Phylogenetic analysis
Phylogenetic analysis were conducted using their representative OTU (representing relevant fungal genera) sequences with publicly available near-complete ITS-1 fungal sequences to identify a putative genus or species cut-off for the ITS-1 sequenced fragment in rumen fungi. Sequences derived from rumen fungi pure cultures from GenBank (http://www.ncbi.nlm.nih.gov/BLAST/) were used to confirm phylogenetic affiliations or to assign uncultured clones to specific species and genera. Then, selected OTU as well as reference sequences were aligned and trimmed using MAFFT-linsi and TrimAl (-gappyout setting), respectively (Katoh and Standley Citation2013). Finally, a phylogenetic tree was built using Molecular Evolutionary Genetic Analysis version 7.0 software based on the neighbour-joining algorithm with the Hasegawa–Kishino–Yano (HKY) substitution model and a γ-shaped distribution of 2.0. Bootstrap values were based on 1000 replicates and are shown for branches with >50% bootstrap support. The tree was visualised and edited using TreeGraph2 (Stöver and Müller Citation2010).
Statistical analysis
Statistical analysis of the total fungal population data obtained from real-time PCR were analysed by PROC GLM general factorial ANOVA procedure in SAS version 9.2 (SAS Citation2005): Yij = µ + Ti + βj + εij, where Yij is the observed value for the jth replicate (run, n = 3, three repetitions within each run averaged) of the ith treatment; µ, is the overall mean; Ti, is the treatment effect for the ith treatment; βj is the replicate effect for the jth replicate; and εij, the residual effects. Differences of means between treatments were tested by Duncan’s new multiple-range test and statistical significance was considered at p < .05. Diversity indices and the relative abundance of the fungal communities between treatments from high-throughput sequences were analysed statistically using the Statistical Analysis of Metagenomic Profiles (STAMP) software package (Parks et al. Citation2014). Statistical settings in STAMP were set to Fisher’s exact test, two-sided, 95% confidence interval and CI method Newcombe–Wilson with Bonferroni correction.

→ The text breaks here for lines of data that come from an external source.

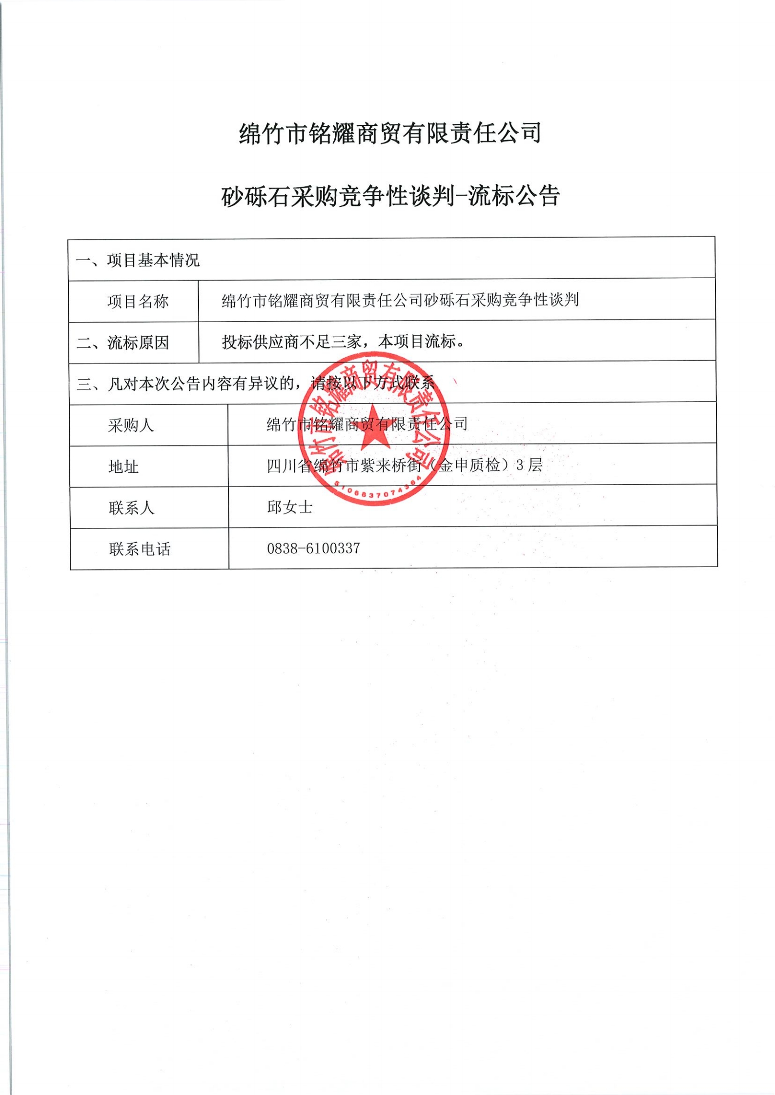銘耀商貿(mào)砂礫石采購(gòu)競(jìng)爭(zhēng)性談判-流標(biāo)公告
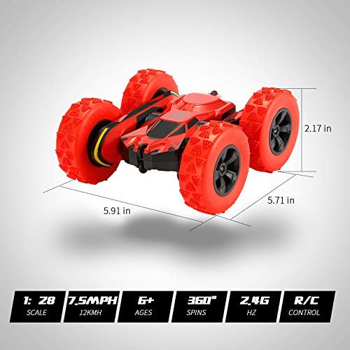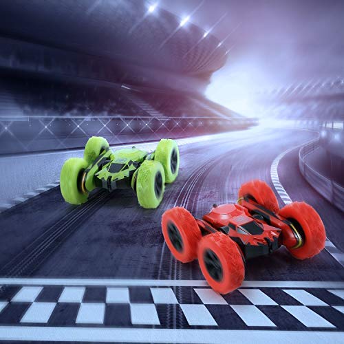 【Easy to Master and Control】The remote controller works flexible with this 2.4GHz anti-interference control frequency, two powerful motors, 50 Meters long control distance, suitable multiple RC Cars to racing game together at the same time. The strong horsepower makes the stunt car runs pretty fast and do cool flipping and spinning actions.
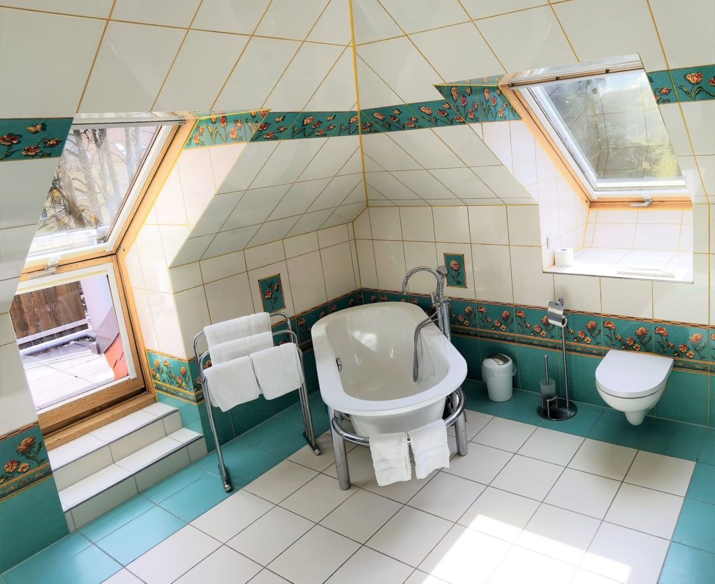 luxuriöses Bad mit Dusche, freistehender Wanne & separatem Sonnenbalkon ▪ Waschmaschine & Trockner ▪ Kosmetikspiegel ▪ Fön
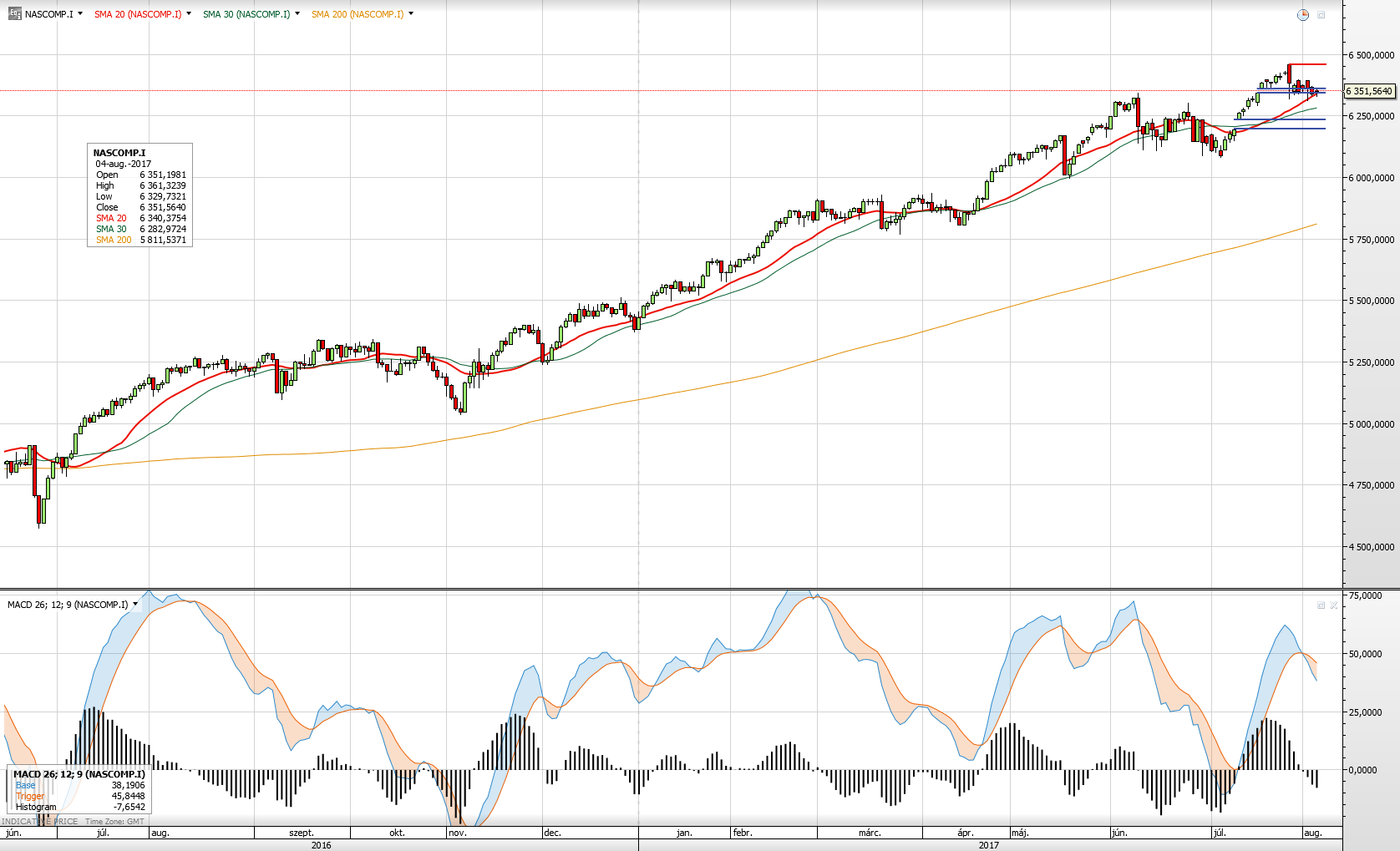 Jól viselkedik a Nasdaq a korrekcióban. Ugyan az MACD eladási jelzést adott még a múlt hét folyamán (augusztus 1-én) az árfolyam ennek ellenére oldalazott, s...

Nucleotide sequence accession numbers
The MiSeq sequencing data of the rumen fungal ITS-1 genes in this study were deposited in the NCBI Sequence Read Archive (SRA) (http://www.ncbi.nlm.nih.gov/Traces/sra/) under accession no. SRP115708.
Results
Biomass of rumen fungi estimated using real-time PCR
The biomass of rumen fungi estimated by real-time PCR after the incubation period of 24 h in the control (without CTs), F0 and F1–F5 fractions are shown in . The total biomass of rumen fungi in control was 43.1 µg/mL. The total biomass of fungi were significantly (p < .05) lower in CT fractions F1 (35.3 µg/mL), F2 (34.6 µg/mL), and F3 (39.3 µg/mL), with F2 showing the lowest value, than the control. F0 and fractions F4 and F5 had no significant (p > .05) effects on the total biomass of fungi when compared to the control.
Table 1. Effects of unfractionated CTs F0 and CT fractions of different MWs on the biomass of rumen fungi at 24 h of incubation using in vitro gas production method, estimated using real-time PCR.

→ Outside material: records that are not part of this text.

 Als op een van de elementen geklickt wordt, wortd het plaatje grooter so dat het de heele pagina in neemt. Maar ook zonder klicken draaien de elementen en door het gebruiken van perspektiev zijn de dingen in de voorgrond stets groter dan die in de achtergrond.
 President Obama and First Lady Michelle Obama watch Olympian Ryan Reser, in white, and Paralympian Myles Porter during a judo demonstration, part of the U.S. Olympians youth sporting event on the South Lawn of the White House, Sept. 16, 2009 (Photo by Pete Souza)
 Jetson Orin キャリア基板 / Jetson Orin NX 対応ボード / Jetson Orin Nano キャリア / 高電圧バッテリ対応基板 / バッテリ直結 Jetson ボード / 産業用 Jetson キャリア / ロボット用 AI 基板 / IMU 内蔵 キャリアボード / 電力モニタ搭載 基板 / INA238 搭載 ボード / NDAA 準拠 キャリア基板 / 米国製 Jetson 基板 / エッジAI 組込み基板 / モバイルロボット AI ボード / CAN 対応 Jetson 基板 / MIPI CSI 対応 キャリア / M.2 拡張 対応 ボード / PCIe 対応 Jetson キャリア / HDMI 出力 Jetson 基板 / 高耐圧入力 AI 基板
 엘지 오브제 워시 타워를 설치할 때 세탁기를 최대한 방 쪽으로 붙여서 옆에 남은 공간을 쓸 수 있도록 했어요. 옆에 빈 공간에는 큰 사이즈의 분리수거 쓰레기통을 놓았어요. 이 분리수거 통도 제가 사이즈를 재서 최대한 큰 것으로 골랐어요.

Analysis of high-throughput sequencing data
The NGS sequencing of the ITS-1 gene of the rumen fungi generated 764,336 high-quality sequence reads, with an average of 109,190 reads per-sample (), after culling ∼2.5% of the total sequencing reads as ambiguous bases and regions outside of the preferred region of the target gene. High-quality sequences were sub-sampled (n = 80,400) to confirm that an equal number of sequence reads from each sample were used for downstream comparative analyses. The rarefaction showed that the majority of the rumen fungal phylotypes were well-covered as the fungal OTUs, defined at 97% sequence similarity from the seven treatment samples reached the plateau phase ().
Figure 1. Rarefaction curves of rumen fungal communities based on the ITS-1 gene sequences from the different treatment groups. Control (without CTs), (F0 = unfractioned CTs, F1 = Fractrion 1, F2 = Fraction 2, F3 = Fraction 3, F4 = Fraction 4 and F5 = Fraction 5) examined at a 0.03 distance level. The operational taxonomic units (OTUs) were defined by the average neighbour algorithms with 3% dissimilarity using Mothur.

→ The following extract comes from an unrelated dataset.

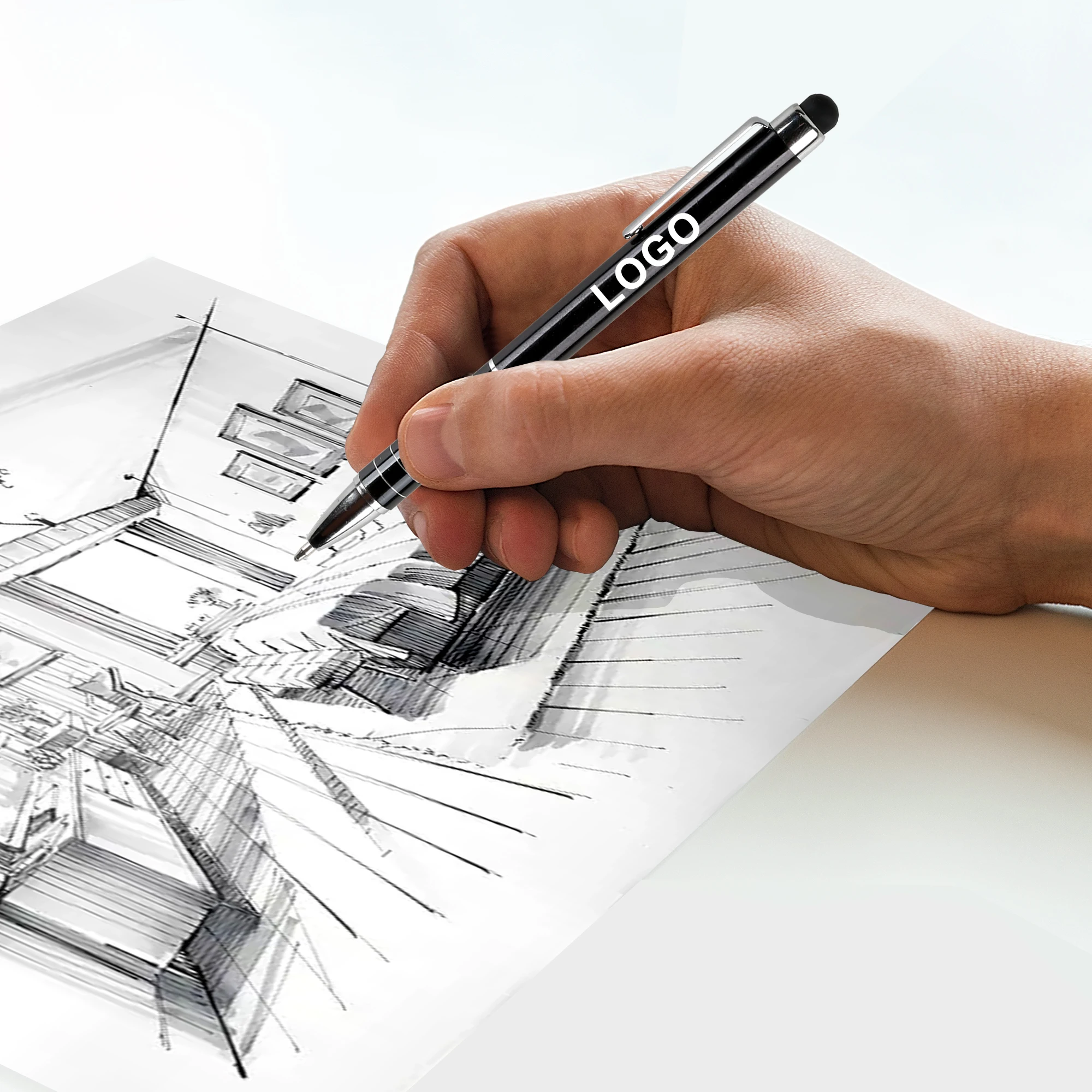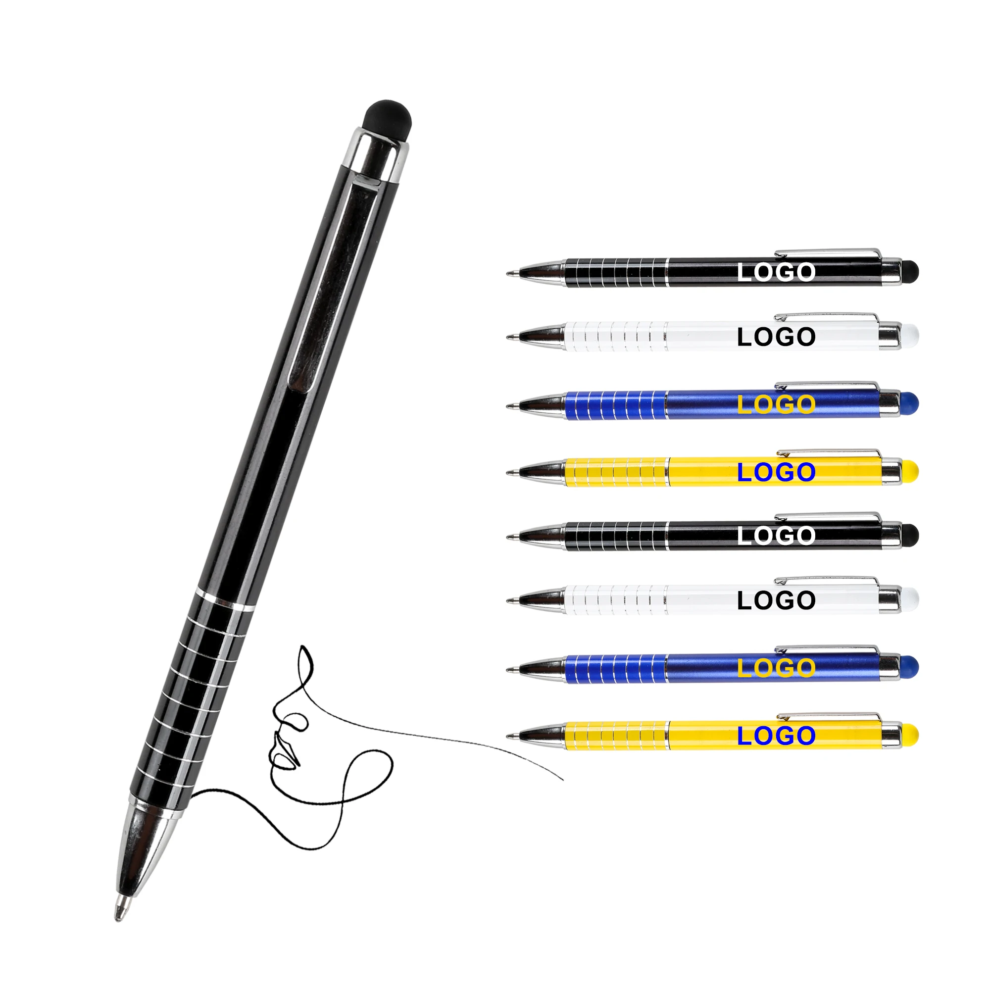 Promotional Plastic Ballpoint Pen With 2-1 Stylus Screen Touch Custom Logo Printing Brand Manufacturers Ball Pens Stationery

Table 2. Summary of the Illumina MiSeq sequences data and statistical analysis of rumen fungi diversity in bovine rumen fluid without (control) and with unfractionated CTs F0 and CT fractions of different MWs weights from LLR.
The observed OTUs, sequence coverage, and species diversity and richness as measured using the Shannon–Weiner indices, Chao1 and ACE are shown in . Numerically, the highest number of OTUs was observed in F0, followed by control, F3, F5, F4 and F2, while F1 had the lowest number OTUs. The α-diversity indices showed that Chao 1 fungal richness was significantly (p < .05) lower in fraction F1 and F2 when compared with that of the control and fractions F3–F5, but not significantly (p > .05) different from that of F0. Fractions F1 and F2 had a significantly (p < .05) lower Shannon diversity index than control, fractions F4 and F5, but not significantly (p > .05) different from that of F0 and fraction F3. However, ACE indices were not significantly different (p = .307) among all treatment groups.
Relative abundance of rumen fungal community
Seven defined fungal OTUs (≥0.01% of relative abundance) at similarity cut-off of 97% that were assigned to genus-level were observed in all the seven samples studied (). The results showed that the control, which represented the normal rumen fluids of cattle fed with guinea grass demonstrated that Piromyces 4 was the predominant genus, followed by unclassified Neocallimastigaceae, unclassified Neocallimastigales, Piromyces 2, Piromyces 5, Anaeromyces mucronatus YE505 and Anaeromyces 1 (; Figure S1). Each of the fungal genera proportion in F0 and CT fractions were measured for significant changes as compared to that of the control. There was a significant (p < .05) increase in the relative abundance of the dominant genus Piromyces 4 with fractions F2, F1, F3, F4, F5 and F0, with overall increase of 29.88%, 29.64%, 28.83%, 24.71%, 23.52 and 22.55%, respectively, than the control. In contrast, the relative abundance of the second dominant genus unclassified Neocallimastigaceae was significantly (p < .05) decreased by 29.04% in fraction F2 treatment, followed by fraction F1 (28.80%), F3 (28.05%), F4 (23.97%), F5 (22.76%) and F0 (21.92%) compared to the control. The relative abundance of the minor genus Neocallimastigales was significantly decreased (p < .05) with addition of F0 and CT fractions F1–F5 (with F1 showing the highest reduction) as compared to the control. The relative abundance of genus Piromyces 2 was significantly (p < .05) increased in F5 but not in other treatments, when compared to control. There were no significant (p > .05) changes in the relative abundance of the genera Piromyces 5, Anaeromyces mucronatus YE505 and Anaeromyces 1 among all treatment groups.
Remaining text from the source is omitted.